A paixão pela famosa atriz Maria do Rosário tira o jovem Edson de um estado mental de letargia e marasmo. Entusiasmado, o jovem decide seguir o grande sonho de se tornar um cineasta. No entanto, a questão financeira se torna um grande empecilho para a concretização desse desejo. Na procura por financiamento, Edson acaba sendo injustamente acusado de terrorismo por uma organização da direita, e é preso e torturado por oficiais.
Data de lançamento: 1970 (Brasil)
Direção: Neville d'Almeida
Autor: Jorge Mautner
Música composta por: Fernando Lona, Vidal França
Roteiro: Neville d'Almeida, Guará Rodrigues
Jardim de guerra foi injustamente condenado ao esquecimento pela pseudo-inteligência oficial; e pior, só resta uma cópia do filme sem os cortes da Censura, depositada pelo diretor num arquivo carioca. O filme é resultado da rigorosa formação cinéfila de Neville d’Almeida — freqüentador do Centro de Estudos Cinematográficos de Belo Horizonte — e das economias do período em que o cineasta foi garçom em Nova York. Neville absorveu bem o “ideograma godardiano” e o colocou em prática com um estilo bastante pessoal. Bom gosto, boas idéias, bons planos, noção perfeita do tempo cinematográfico, direção segura e a habilidade habitual da câmera de Dib Lufti fazem de Jardim de guerra um filme superior à maioria das tentativas do cinema de autor da época — tanto do lado Cinema Novo quanto do lado Udigrúdi. Após o lançamento no Festival de Cinema de Belo Horizonte, o filme foi recolhido pelo Serviço de Censura de Diversões Públicas, que o considerou “inconveniente para o momento nacional”.
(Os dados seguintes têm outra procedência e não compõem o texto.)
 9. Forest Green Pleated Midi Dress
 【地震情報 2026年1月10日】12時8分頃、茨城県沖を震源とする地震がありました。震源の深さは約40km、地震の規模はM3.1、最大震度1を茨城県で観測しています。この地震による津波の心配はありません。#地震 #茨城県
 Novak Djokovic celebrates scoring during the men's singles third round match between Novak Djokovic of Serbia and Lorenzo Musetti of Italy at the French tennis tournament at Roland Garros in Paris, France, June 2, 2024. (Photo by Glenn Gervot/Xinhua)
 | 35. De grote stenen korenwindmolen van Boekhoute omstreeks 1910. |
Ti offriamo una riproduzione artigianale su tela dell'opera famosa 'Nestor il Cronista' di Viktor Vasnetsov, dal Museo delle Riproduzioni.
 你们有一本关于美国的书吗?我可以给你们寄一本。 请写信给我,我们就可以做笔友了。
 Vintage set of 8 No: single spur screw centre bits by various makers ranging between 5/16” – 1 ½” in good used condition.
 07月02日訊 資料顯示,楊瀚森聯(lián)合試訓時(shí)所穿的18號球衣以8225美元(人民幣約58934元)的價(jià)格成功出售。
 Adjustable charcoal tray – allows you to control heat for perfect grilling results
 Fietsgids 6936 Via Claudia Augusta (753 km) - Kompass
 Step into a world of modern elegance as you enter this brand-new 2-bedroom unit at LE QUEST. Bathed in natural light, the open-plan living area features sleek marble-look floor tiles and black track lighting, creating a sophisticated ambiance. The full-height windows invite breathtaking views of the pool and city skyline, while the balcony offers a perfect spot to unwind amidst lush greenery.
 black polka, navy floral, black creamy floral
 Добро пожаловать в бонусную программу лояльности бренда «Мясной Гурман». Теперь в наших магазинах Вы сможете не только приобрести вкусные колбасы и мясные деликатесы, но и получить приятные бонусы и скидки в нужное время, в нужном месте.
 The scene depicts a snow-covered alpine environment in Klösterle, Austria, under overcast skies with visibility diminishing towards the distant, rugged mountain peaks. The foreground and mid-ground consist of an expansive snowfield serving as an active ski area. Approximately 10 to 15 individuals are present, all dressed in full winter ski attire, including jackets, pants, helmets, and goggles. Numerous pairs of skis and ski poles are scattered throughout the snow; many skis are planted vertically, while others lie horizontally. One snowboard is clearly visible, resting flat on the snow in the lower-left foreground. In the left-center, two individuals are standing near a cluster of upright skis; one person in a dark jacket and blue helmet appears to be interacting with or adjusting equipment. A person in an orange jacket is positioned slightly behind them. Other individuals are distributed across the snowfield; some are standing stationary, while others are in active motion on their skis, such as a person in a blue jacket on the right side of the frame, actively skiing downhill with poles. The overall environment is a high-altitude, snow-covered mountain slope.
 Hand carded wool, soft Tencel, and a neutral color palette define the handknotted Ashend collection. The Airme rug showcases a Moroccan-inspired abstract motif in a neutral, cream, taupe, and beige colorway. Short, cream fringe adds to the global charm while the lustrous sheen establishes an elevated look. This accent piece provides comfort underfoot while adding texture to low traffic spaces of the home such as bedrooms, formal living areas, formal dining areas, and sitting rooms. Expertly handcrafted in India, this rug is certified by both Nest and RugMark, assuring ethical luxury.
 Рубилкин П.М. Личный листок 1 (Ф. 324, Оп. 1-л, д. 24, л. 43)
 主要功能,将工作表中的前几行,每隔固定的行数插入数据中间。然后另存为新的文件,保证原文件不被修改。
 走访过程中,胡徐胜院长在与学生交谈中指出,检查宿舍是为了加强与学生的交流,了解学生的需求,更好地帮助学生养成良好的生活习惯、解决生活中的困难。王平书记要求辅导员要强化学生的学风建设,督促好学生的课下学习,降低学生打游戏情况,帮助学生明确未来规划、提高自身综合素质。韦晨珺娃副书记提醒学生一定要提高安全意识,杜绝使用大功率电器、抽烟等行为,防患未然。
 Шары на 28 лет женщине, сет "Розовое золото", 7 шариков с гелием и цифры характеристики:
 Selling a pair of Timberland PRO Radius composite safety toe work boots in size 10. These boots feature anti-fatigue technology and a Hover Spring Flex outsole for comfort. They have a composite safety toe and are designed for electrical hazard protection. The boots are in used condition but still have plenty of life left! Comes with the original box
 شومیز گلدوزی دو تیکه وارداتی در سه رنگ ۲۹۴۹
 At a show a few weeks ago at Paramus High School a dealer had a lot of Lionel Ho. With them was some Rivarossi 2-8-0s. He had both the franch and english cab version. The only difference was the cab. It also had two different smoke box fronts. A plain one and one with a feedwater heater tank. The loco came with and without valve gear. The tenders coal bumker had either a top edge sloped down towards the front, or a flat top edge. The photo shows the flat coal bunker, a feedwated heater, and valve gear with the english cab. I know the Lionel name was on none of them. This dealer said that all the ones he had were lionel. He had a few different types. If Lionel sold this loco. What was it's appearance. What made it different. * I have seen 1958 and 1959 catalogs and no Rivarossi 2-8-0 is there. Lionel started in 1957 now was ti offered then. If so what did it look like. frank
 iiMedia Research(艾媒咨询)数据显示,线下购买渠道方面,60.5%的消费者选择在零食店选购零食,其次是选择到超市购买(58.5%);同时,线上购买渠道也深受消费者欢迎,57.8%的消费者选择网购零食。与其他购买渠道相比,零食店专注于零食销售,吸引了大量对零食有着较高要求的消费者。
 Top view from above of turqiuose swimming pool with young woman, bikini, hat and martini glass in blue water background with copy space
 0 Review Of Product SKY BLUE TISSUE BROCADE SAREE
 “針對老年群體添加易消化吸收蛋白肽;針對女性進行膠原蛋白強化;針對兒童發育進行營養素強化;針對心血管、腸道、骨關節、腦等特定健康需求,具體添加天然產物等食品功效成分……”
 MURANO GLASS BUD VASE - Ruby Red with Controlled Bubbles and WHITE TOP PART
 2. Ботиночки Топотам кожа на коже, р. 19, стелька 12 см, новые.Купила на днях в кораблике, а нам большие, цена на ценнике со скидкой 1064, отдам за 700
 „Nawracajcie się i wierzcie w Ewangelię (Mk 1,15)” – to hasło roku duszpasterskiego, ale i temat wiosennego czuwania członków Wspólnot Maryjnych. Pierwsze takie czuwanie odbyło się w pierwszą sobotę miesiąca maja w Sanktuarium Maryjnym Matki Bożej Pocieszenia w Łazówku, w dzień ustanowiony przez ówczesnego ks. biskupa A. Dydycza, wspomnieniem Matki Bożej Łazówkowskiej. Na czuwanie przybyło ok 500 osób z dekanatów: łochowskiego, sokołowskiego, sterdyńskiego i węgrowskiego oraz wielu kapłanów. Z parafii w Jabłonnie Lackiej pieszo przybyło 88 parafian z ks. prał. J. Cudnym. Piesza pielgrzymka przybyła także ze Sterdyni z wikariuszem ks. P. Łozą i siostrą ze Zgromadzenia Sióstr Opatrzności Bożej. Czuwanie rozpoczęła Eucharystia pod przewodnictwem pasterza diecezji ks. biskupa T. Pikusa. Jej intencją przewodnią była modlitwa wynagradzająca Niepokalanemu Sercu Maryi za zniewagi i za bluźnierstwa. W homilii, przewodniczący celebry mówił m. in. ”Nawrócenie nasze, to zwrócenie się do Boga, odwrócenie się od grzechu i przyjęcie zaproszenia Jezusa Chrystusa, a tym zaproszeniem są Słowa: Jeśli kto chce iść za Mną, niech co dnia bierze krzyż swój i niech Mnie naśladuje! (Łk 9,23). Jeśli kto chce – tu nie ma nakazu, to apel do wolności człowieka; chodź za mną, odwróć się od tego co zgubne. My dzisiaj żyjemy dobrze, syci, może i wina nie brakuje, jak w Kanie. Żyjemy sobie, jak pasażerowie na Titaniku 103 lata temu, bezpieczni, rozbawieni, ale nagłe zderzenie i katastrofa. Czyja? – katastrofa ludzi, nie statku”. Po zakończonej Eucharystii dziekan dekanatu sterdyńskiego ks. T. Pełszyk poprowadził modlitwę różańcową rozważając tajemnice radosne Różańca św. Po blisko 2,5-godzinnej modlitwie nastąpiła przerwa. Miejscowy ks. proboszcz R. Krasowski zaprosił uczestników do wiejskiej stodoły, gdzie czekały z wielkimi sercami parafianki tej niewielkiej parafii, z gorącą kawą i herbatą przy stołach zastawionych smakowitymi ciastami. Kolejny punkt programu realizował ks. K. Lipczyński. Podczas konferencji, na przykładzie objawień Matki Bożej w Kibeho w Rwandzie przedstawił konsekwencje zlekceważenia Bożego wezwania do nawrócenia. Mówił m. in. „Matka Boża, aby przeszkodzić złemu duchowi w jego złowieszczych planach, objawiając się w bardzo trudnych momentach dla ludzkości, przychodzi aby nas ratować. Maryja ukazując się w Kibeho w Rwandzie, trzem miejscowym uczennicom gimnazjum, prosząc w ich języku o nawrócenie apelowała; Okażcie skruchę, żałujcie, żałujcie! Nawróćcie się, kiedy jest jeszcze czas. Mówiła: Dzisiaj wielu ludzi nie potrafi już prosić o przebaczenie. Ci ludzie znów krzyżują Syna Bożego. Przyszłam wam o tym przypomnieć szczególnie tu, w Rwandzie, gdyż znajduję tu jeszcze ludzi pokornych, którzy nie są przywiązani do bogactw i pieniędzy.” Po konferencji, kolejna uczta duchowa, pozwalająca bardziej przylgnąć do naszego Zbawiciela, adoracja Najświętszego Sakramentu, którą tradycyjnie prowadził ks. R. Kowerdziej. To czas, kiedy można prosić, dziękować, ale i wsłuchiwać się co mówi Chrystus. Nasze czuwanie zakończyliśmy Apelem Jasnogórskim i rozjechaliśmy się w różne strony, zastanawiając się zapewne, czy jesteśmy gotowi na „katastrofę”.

Só foi liberado dois anos depois, com dez exigências de corte. Os planos excluídos não impediam o espectador (e a crítica) de conferir as qualidades visuais do filme, mas acabavam de vez com o projeto do diretor de fazer um filme que apresentasse os problemas daquele momento. Aliás, o plano de esvaziamento de Jardim de guerra foi mais longe: o filme só conseguiu um lançamento comercial digno seis anos após sua realização. Uma olhada na lista de cortes — enquanto aguardamos a restauração da versão integral do filme — revela o quanto Neville estava empenhado em fazer um filme que fosse a expressão do seu tempo, não só esteticamente. A Censura mandou cortar todos os posters e fotografias alusivos à Guerra do Vietnã e ao movimento feminista na China; num deles mulheres aparecem desfilando e vemos no fundo um grande retrato, em outro, lemos num cartaz: “Deus guarde a união dos povos americanos”. Mandou cortar a fotografia de Guevara. Vários diálogos de Joel Barcelos também tiveram que sair: do panfletário “o corpo em chamas de Che Guevara ainda incendeia as Américas” ao escrachado “América Latina também chamada América Latrina”; ou quando o ator responde em tom de deboche a Emanuel Cavalcanti dizendo “eu sou filho de Guevara”. E se na cópia disponível vemos um Antonio Pitanga bem comportado, na versão original o ator faz um discurso imitando os líderes do “poder negro” americano. Foi preciso cortar todo o resto do discurso depois que ele diz: “Pra vocês eu sou macaco, mas isso vai acabar...”. Um tema ainda em discussão também foi limado: quando Emanuel Cavalcanti fala, projetando um slide, sobre a necessidade de preservação do território do Amazonas, especificamente quando ele fala que o governo anda muito preocupado com o Amazonas e “nós protegemos o Amazonas”. Também ficou de fora o último plano, quando a frase “a revolução é permanente” aparece escrita num quadro negro e envolta por um balão de história em quadrinhos que sai da cabeça de Joel. Eram questões que nem podiam ser pensadas.